Both of my dad's parents were dead by the time I came along, and as for my mom's parents, they're a different story. I only met her biological father once, but as I understand it, he was extremely abusive and possessive, so she and her mom basically fled from him when she was still a kid. Otherwise, her stepdad/adoptive father was the grandfather I knew, he was my papaw, but admittedly, I didn't know him for very long . . . by the time I was eight-years-old, and after he had a car accident, he gradually slipped deeper and deeper into Alzheimer's, so he spent his last several years of his life in one nursing home after another, and I hardly ever saw him except for certain occasions, and even then, his quality of life deteriorated until he passed away on April Fool's Day in 2005 - I couldn't even go to the funeral or burial service, because my dad and I were both sick with the flu.

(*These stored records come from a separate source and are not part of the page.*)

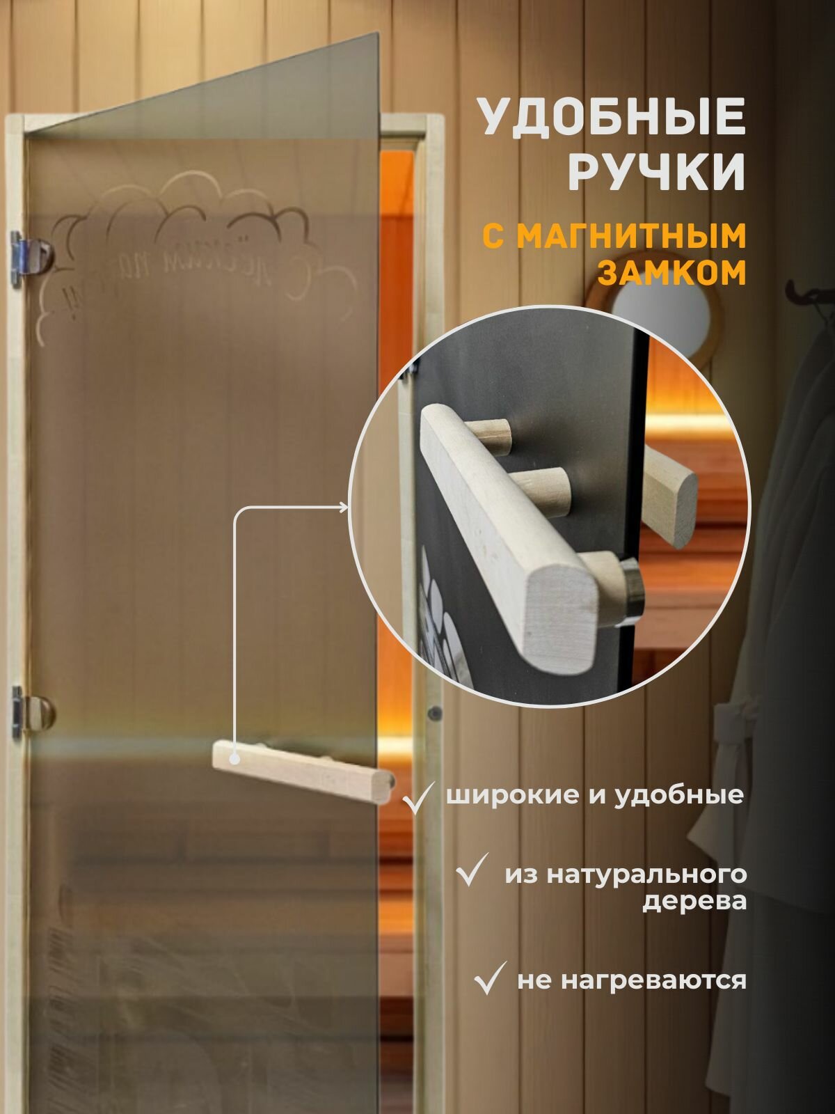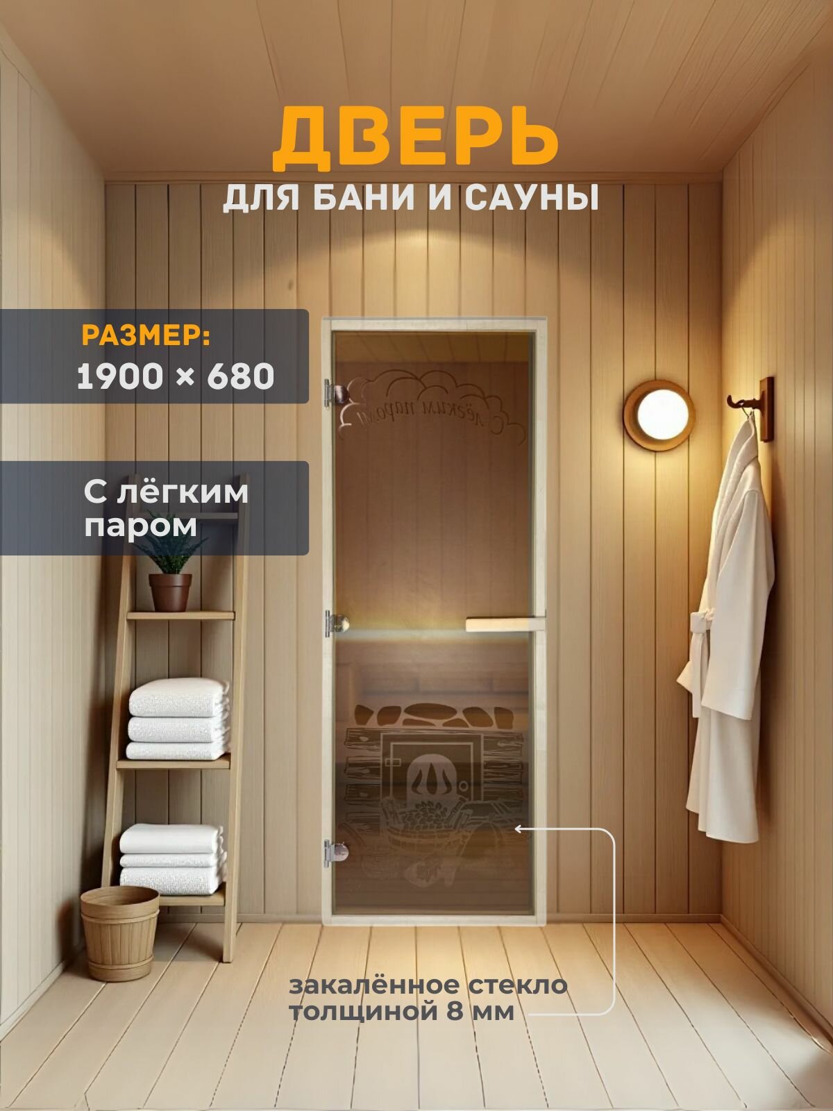 Дверь для бани/сауны 1900х680 8мм С легким паром пескоструй информация: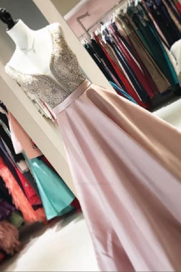 pink sleeveless v-neck prom dresses,satin beading long evening dress,SB0337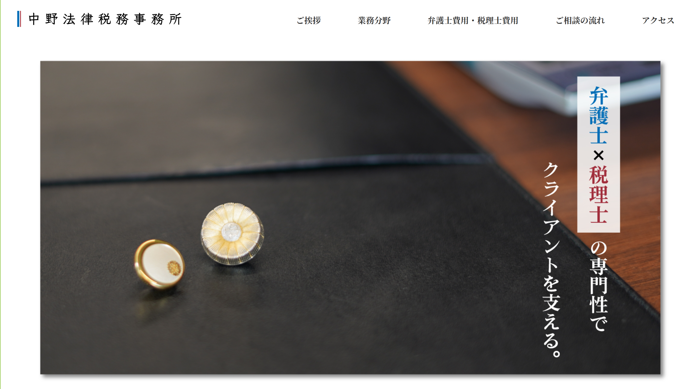 中野法律税務事務所という名前は、法律事務所のサービスと税理士事務所のサービスを同時に提供したい、という想いを込めて名付けました。
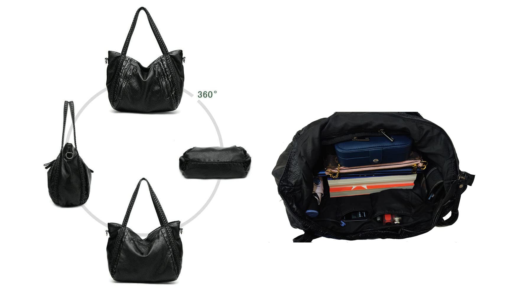 - Detail Oriented Extra Large Bag for Women: the braided handle sewn to the bottom makes the large-capacity bag more durable and practical and also more stylish, adds the exquisite to a classic black handbag,, which is minimalist but not simple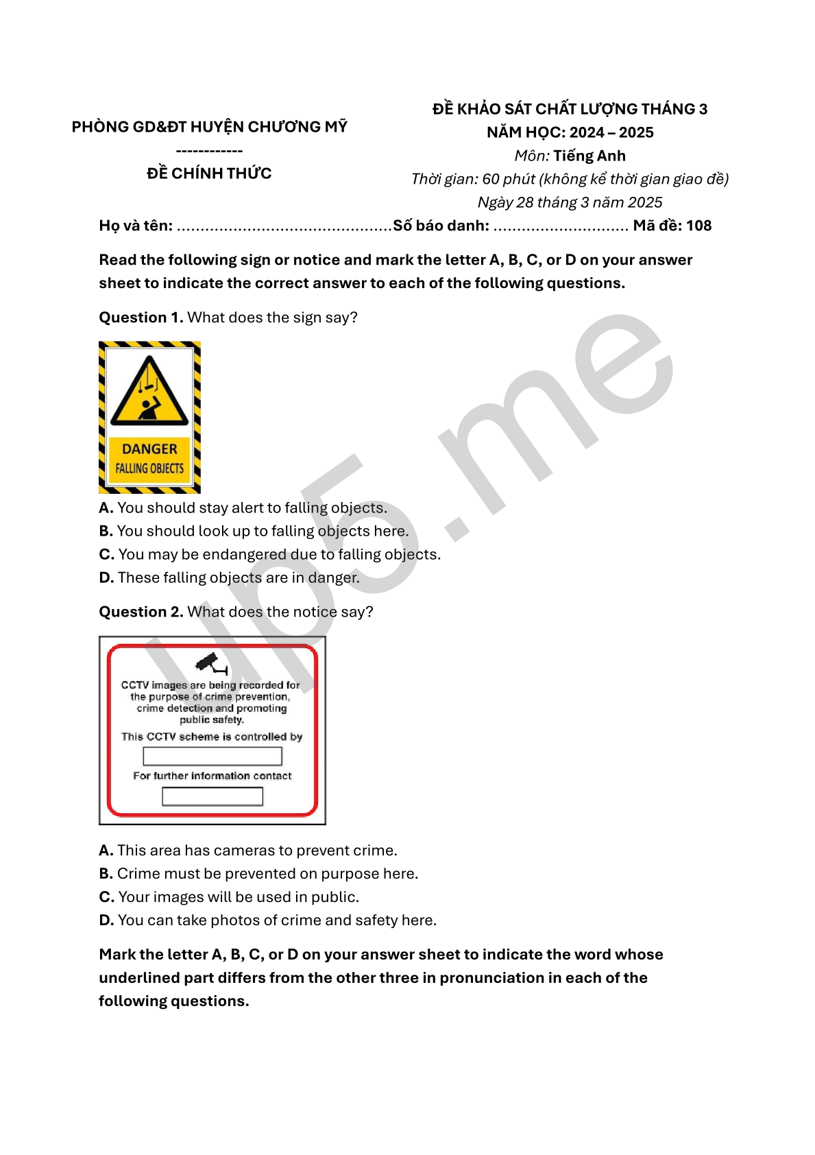 ĐỀ KHẢO SÁT CHẤT LƯỢNG THÁNG 3 NĂM HỌC: 2024 – 2025 Môn: Tiếng Anh Thời gian: 60 phút (không kể thời gian giao đề) Ngày 28 tháng 3 năm 2025 |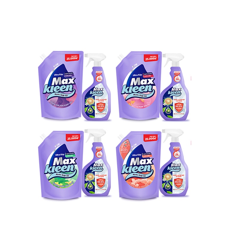 Giới thiệu Combo Túi Nước Giặt Xả 2.4kg + Nước Lau Bề Mặt Đa Năng Maxkleen:Hoa Nắng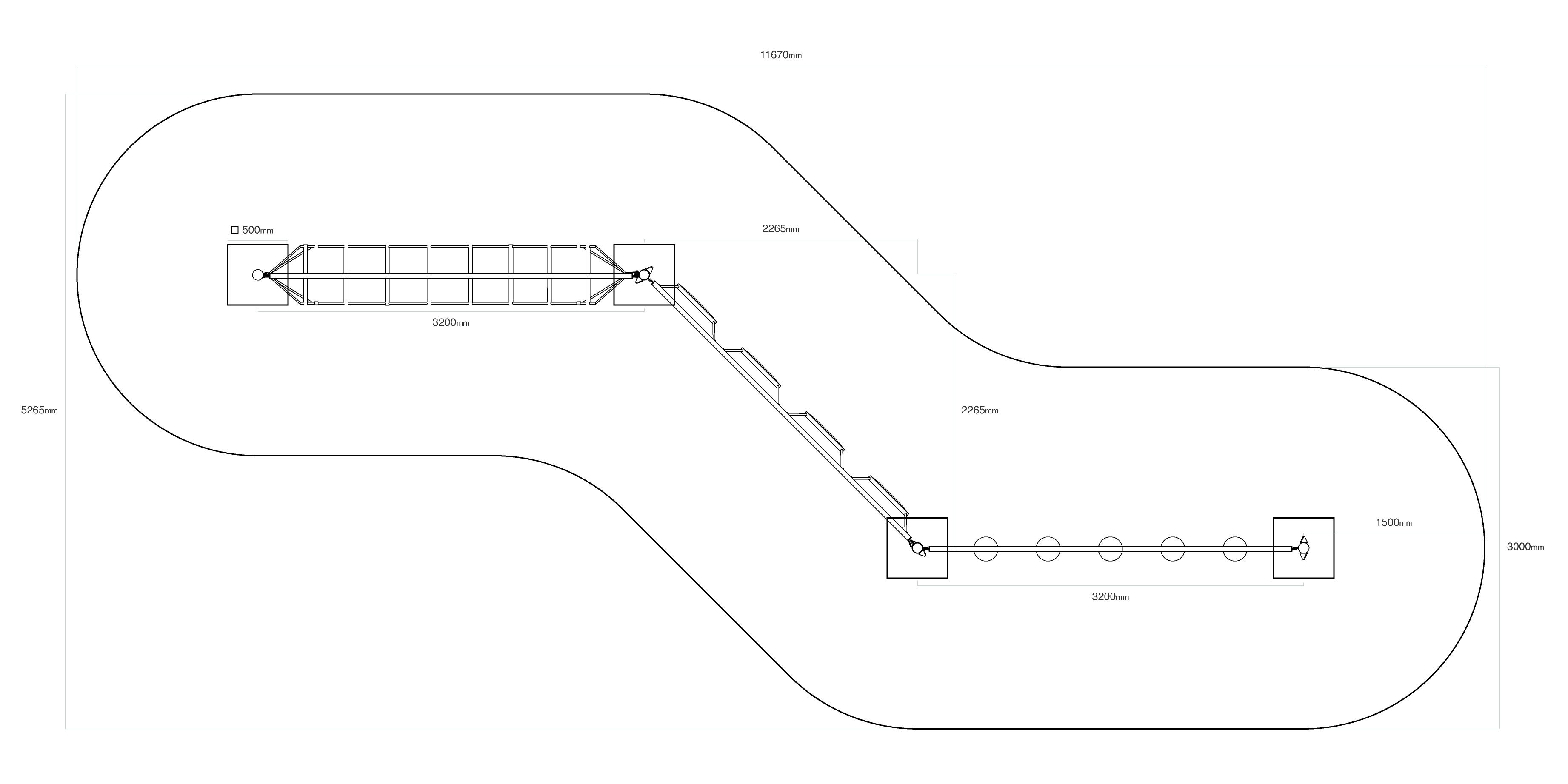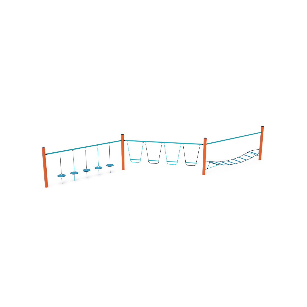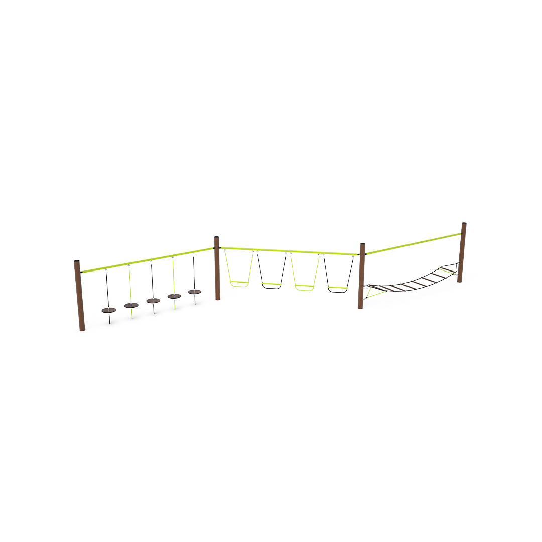 Három rész kombinálásával létrehozott majompálya. A vízszintesen "lógó" háló által létrehozott első rész a gyermekeket az ingatagságával szórakoztatja. A második részt függőlegesen lógó fellépők alkotják. A gyerekek megtapasztalják, milyen szórakoztató és fárasztó, amikor nem a szilárd talajon állnak. A "lógó kövekből" álló rész teszteli a koncentrációs képességüket és az egész testük koordinációját. A játékelem horganyzott acélból készült, kiváló minőségű kivitelben, az illesztések anyaga rozsdamentes acél, és műanyag fedéllel borították őket, hogy növeljék az illesztések biztonságát és tartósságát. A kötelek poliészterszálakból készülnek, amelyek egy központi szem köré vannak tekerve. Ez a fajta kötélszerkezet növeli a kötél szilárdságát és a mechanikai igénybevétellel szembeni ellenállását. Maga a poliészter ellenáll a mikroorganizmusoknak, az időjárás viszontagságainak, eső után gyorsan szárad, színtartó és nagy szilárdság jellemzi.

As for my nana (my mom's mom) . . . she was always incredibly distant, and I barely had a relationship with her . . . she certainly didn't fit the typical grandmotherly role of a sweet little old lady with a penchant for pinching cheeks and baking cookies - if I ever had to stay with her, she basically just let the TV babysit while she did her own thing. Likewise, she succumbed to dementia a few years ago and also passed away . . . I really hate to say this, but honestly, I felt no sense of loss when she passed, and I don't believe my mom did either.